In an effort to preserve Istanbul’s grandeur, the city government has embarked on a feverish urban renewal campaign. The plan is primarily the brainchild of Istanbul’s mayor, a dynamic former electrical engineer named Bedrettin Dalan.

Under Dalan’s leadership, the city has been dotted with parking garages, streets have been widened and tracks are being laid for a light rail tram system to ferry thousands of workers 15 miles from central Istanbul to a new industrial suburb at Ikitelli.

Ironically, until the 1960s the city’s primary mode of transportation was the tram, but the tracks were ripped up because the slow trams were considered to be impeding other traffic.

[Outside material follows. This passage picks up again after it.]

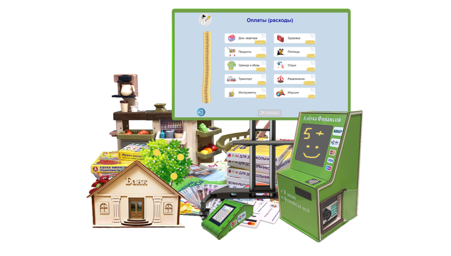 Различные модели комплексов «Азбука Финансов» имеют различное наполнение и предназначение. В зависимости от конкретного образовательного учреждения, возрастной группы детей и от формы занятий, которые будет проводить педагог, можно подобрать оптимальный комплект, который может включать:
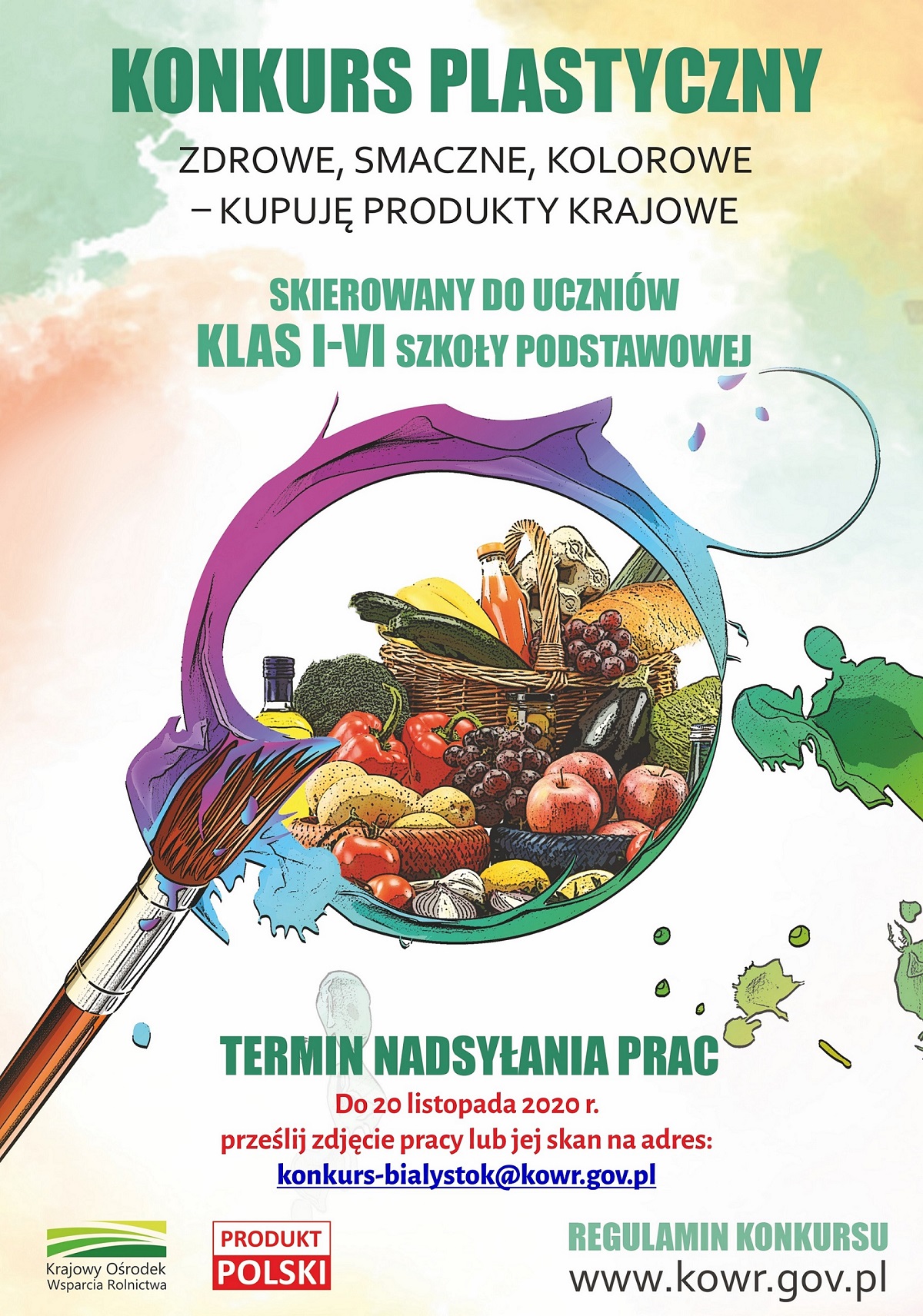 Krajowy Ośrodek Wsparcia Rolnictwa Oddział Terenowy w Białymstoku serdecznie zaprasza wszystkie chętne dzieci z terenu województwa podlaskiego do udziału w konkursie plastycznym. „Zdrowe, smaczne, kolorowe – kupuję produkty krajowe”.

Perhaps Dalan’s most ambitious project is the cleanup of the Golden Horn, a $350-million slum clearance and sewage project whose aim, in the mayor’s oft-quoted pledge, is to make the waters of the Golden Horn “as blue as my eyes.”

6,000 Buildings Bulldozed

By city estimates, bulldozers have razed 6,000 buildings along the edges of the Golden Horn inlet. Most of them were factories and illegal slaughterhouses whose effluents had seriously polluted the water for decades, and most have been replaced by parks and playgrounds.

But Dalan has also raised a storm of controversy by sweeping away many old buildings without any attempt at conservation and with little consultation with the community.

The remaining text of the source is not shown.